* Directions
The answer must consist solely of the lines from the one containing "Daisy Street blue" through the last line of the records, set down exactly and without any pictures.

Data entries

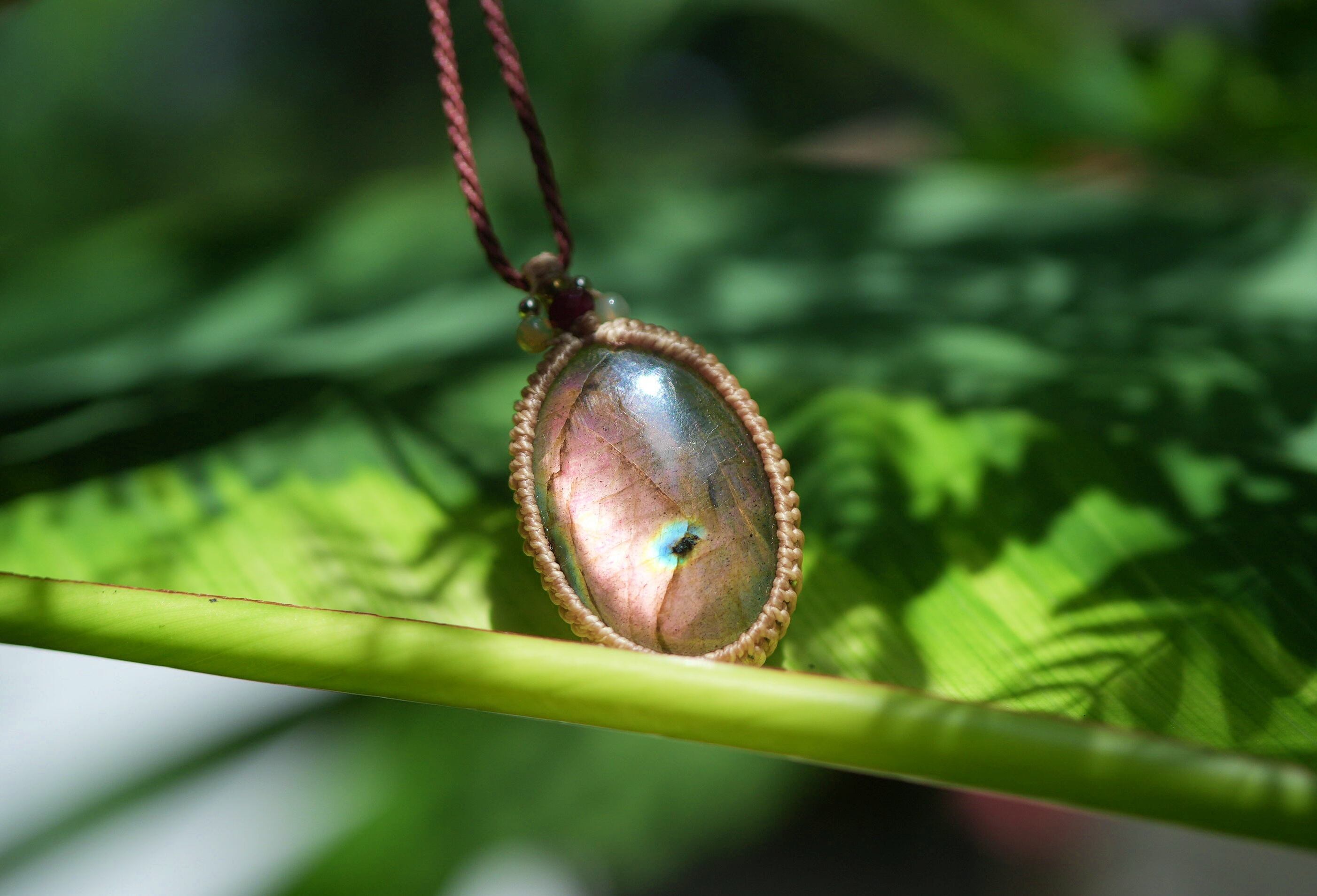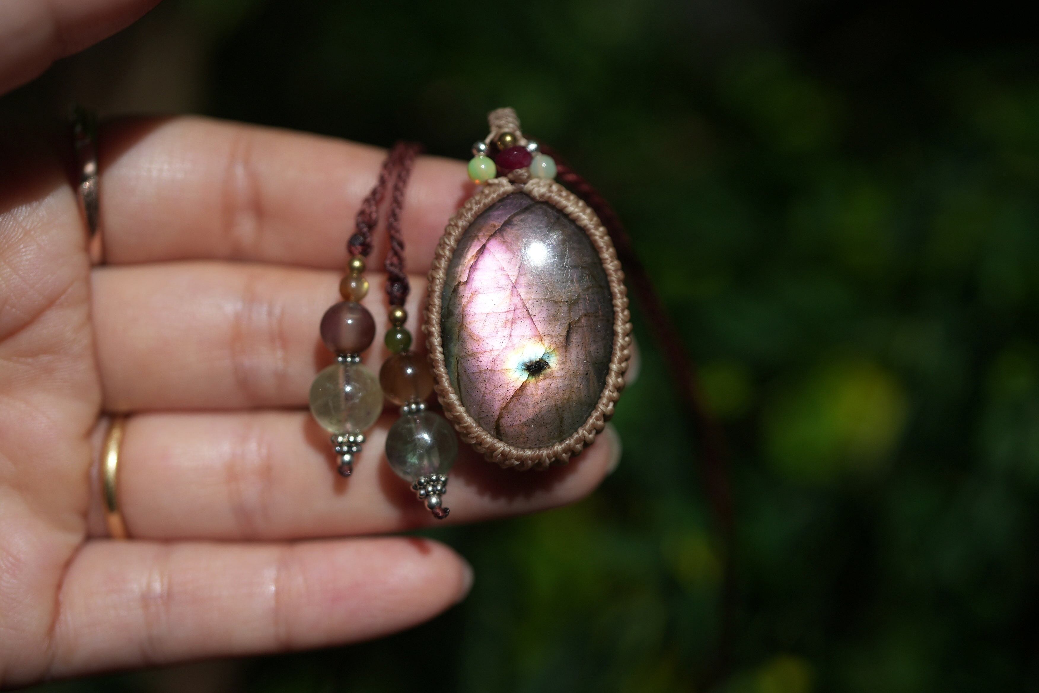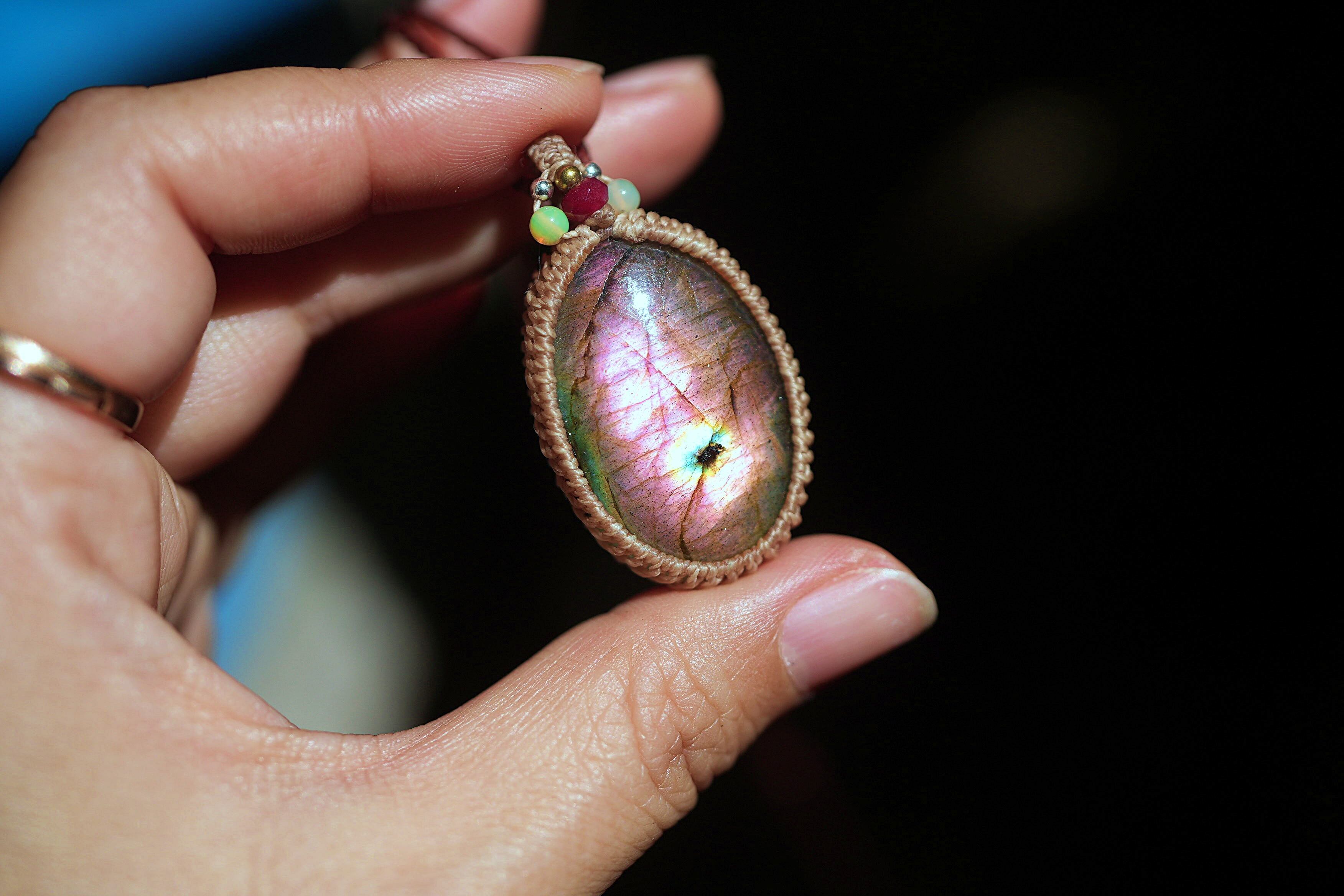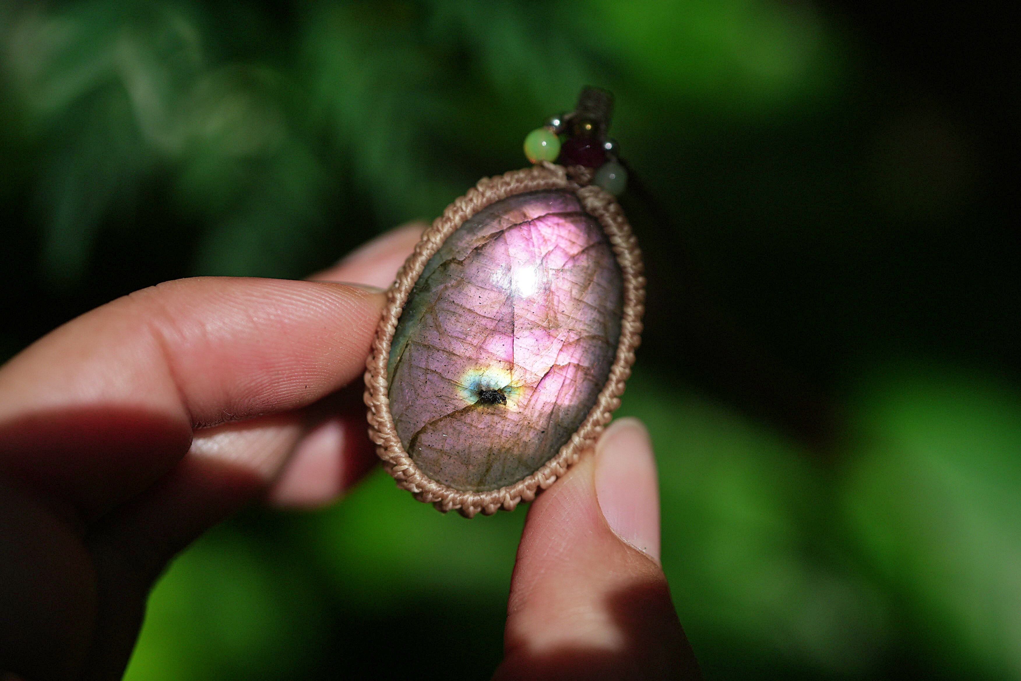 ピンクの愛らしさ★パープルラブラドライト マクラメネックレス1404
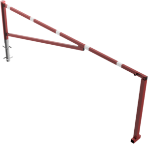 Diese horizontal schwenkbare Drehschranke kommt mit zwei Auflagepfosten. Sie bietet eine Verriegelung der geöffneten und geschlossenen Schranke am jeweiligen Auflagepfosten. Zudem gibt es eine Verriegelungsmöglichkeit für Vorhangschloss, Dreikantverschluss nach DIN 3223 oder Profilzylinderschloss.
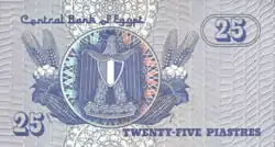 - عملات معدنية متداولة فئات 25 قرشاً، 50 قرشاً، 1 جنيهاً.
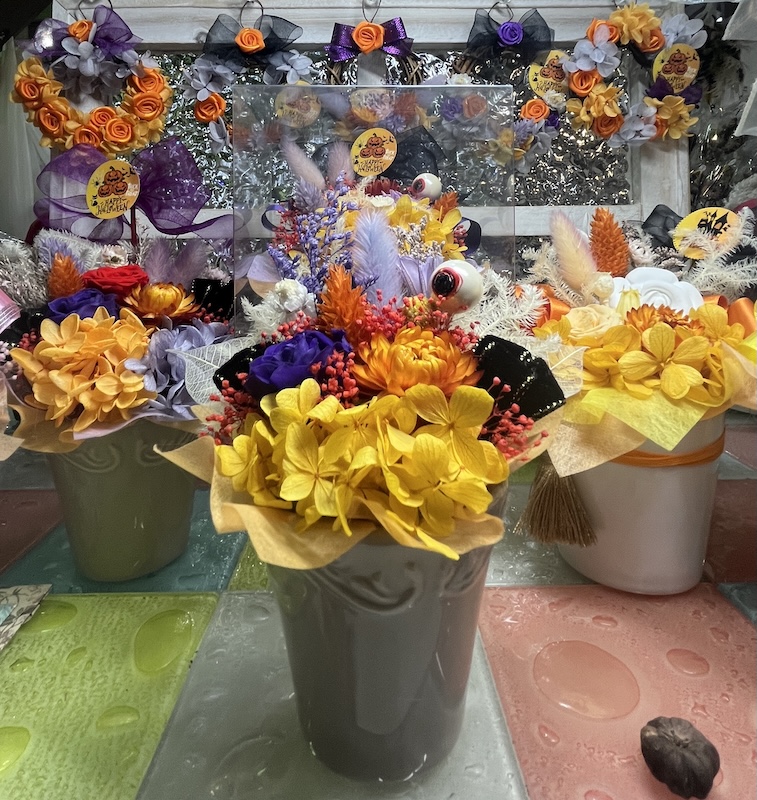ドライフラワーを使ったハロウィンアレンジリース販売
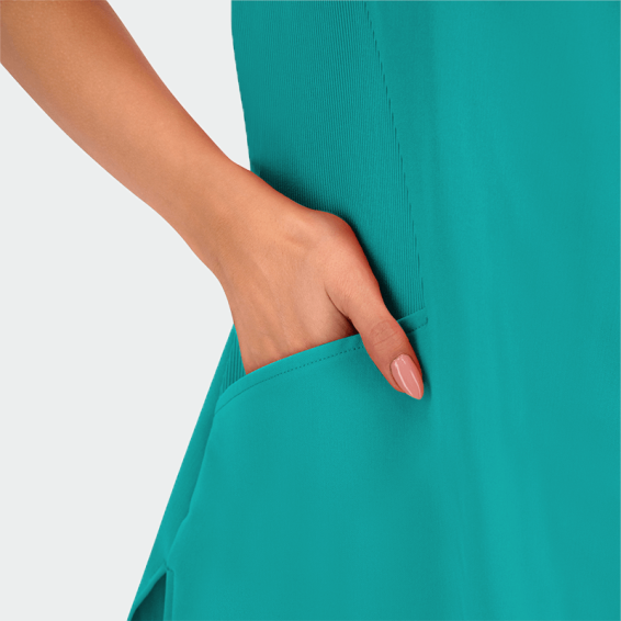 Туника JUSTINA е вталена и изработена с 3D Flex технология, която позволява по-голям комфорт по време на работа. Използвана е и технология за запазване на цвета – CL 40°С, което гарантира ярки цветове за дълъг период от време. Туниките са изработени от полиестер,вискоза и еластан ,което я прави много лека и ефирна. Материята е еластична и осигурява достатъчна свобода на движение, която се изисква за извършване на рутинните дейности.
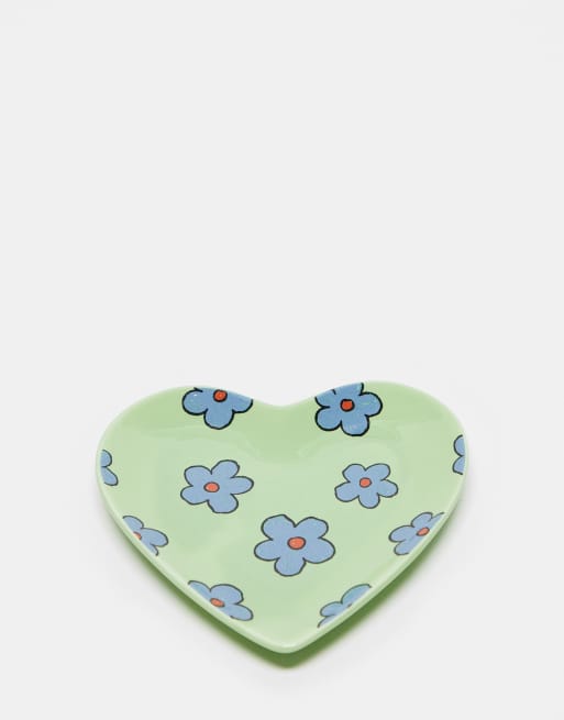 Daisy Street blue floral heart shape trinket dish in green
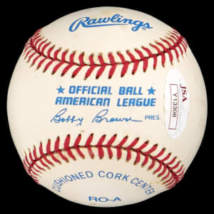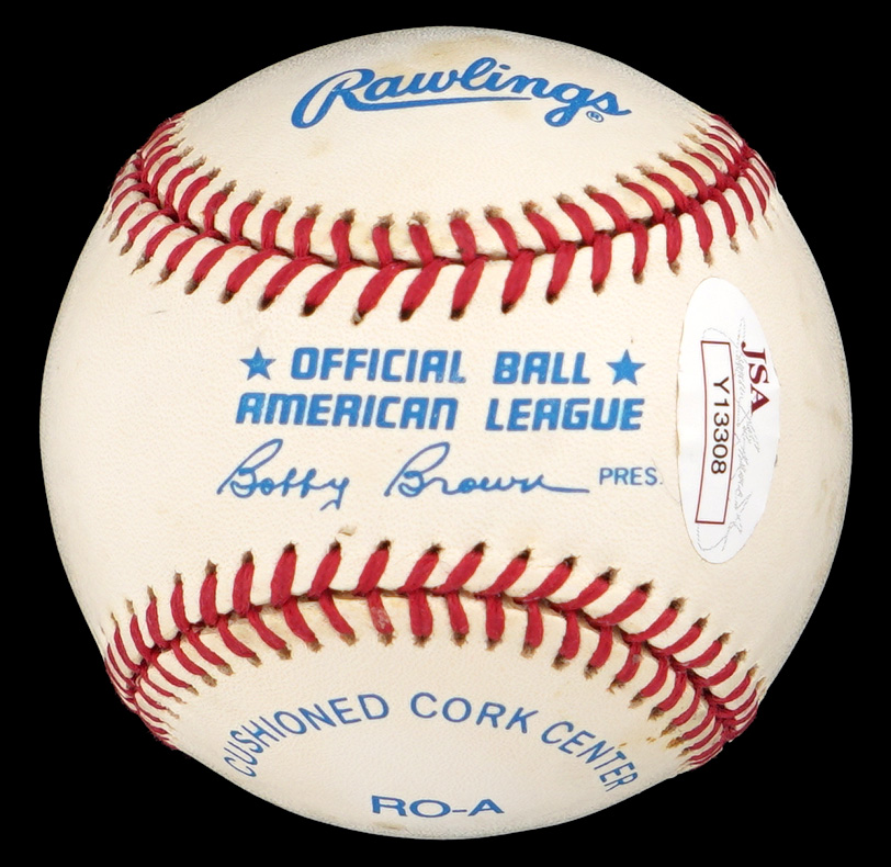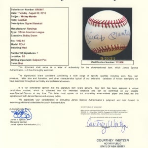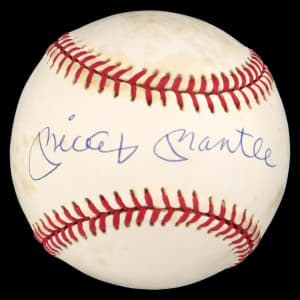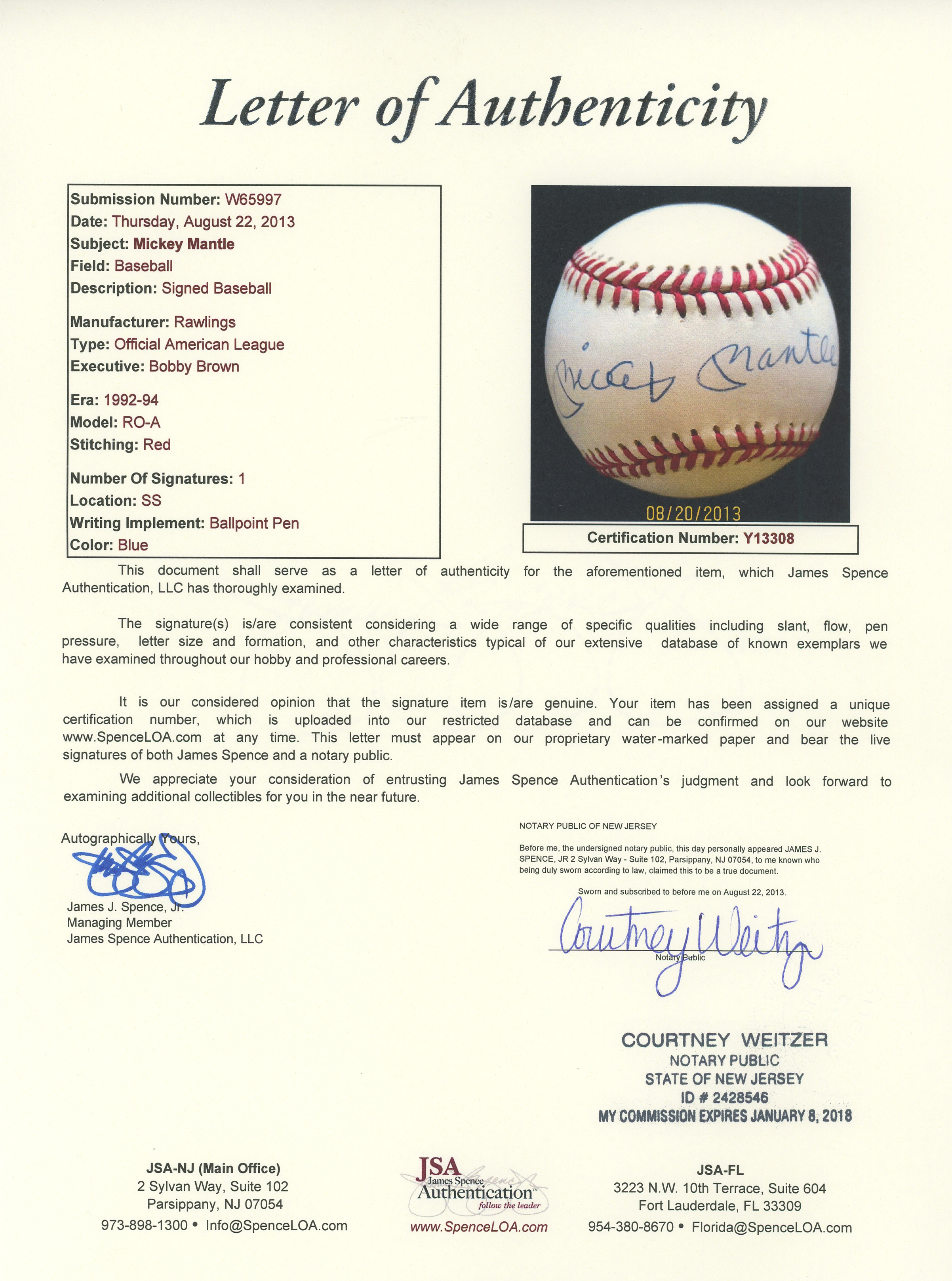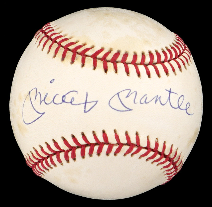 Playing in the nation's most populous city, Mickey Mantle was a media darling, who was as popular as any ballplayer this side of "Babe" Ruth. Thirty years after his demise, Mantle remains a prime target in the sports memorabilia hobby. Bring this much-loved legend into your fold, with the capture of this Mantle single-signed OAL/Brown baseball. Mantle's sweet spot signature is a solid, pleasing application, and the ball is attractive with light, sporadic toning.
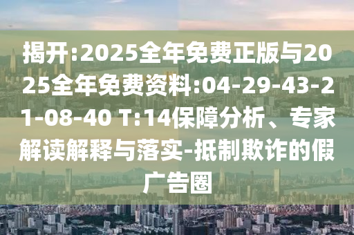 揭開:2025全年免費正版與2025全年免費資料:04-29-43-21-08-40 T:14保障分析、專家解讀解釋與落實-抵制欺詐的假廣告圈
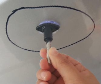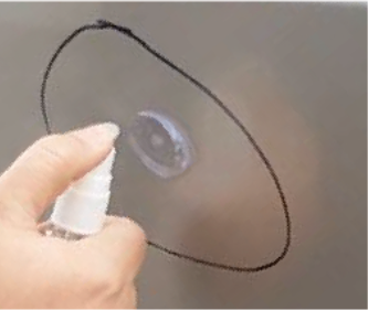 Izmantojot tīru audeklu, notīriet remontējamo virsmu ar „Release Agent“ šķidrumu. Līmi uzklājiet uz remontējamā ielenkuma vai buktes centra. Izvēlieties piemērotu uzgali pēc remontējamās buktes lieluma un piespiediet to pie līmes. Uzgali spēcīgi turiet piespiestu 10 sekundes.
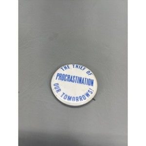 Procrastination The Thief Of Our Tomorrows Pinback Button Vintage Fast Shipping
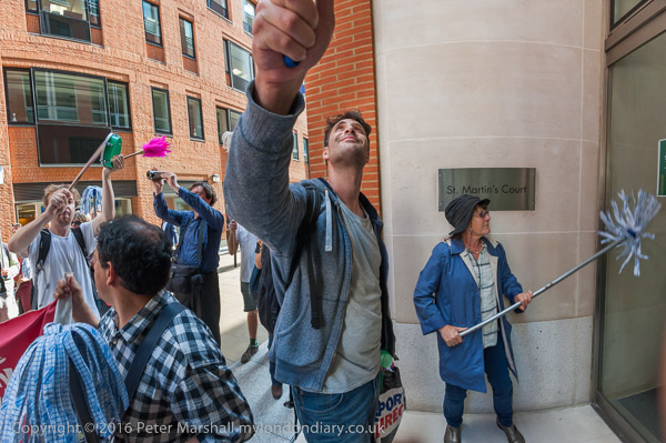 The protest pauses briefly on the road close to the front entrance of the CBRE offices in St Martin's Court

* Reply
 Daisy Street blue floral heart shape trinket dish in green
 Playing in the nation's most populous city, Mickey Mantle was a media darling, who was as popular as any ballplayer this side of "Babe" Ruth. Thirty years after his demise, Mantle remains a prime target in the sports memorabilia hobby. Bring this much-loved legend into your fold, with the capture of this Mantle single-signed OAL/Brown baseball. Mantle's sweet spot signature is a solid, pleasing application, and the ball is attractive with light, sporadic toning.
 揭開:2025全年免費正版與2025全年免費資料:04-29-43-21-08-40 T:14保障分析、專家解讀解釋與落實-抵制欺詐的假廣告圈
 Izmantojot tīru audeklu, notīriet remontējamo virsmu ar „Release Agent“ šķidrumu. Līmi uzklājiet uz remontējamā ielenkuma vai buktes centra. Izvēlieties piemērotu uzgali pēc remontējamās buktes lieluma un piespiediet to pie līmes. Uzgali spēcīgi turiet piespiestu 10 sekundes.
 Procrastination The Thief Of Our Tomorrows Pinback Button Vintage Fast Shipping
 The protest pauses briefly on the road close to the front entrance of the CBRE offices in St Martin's Court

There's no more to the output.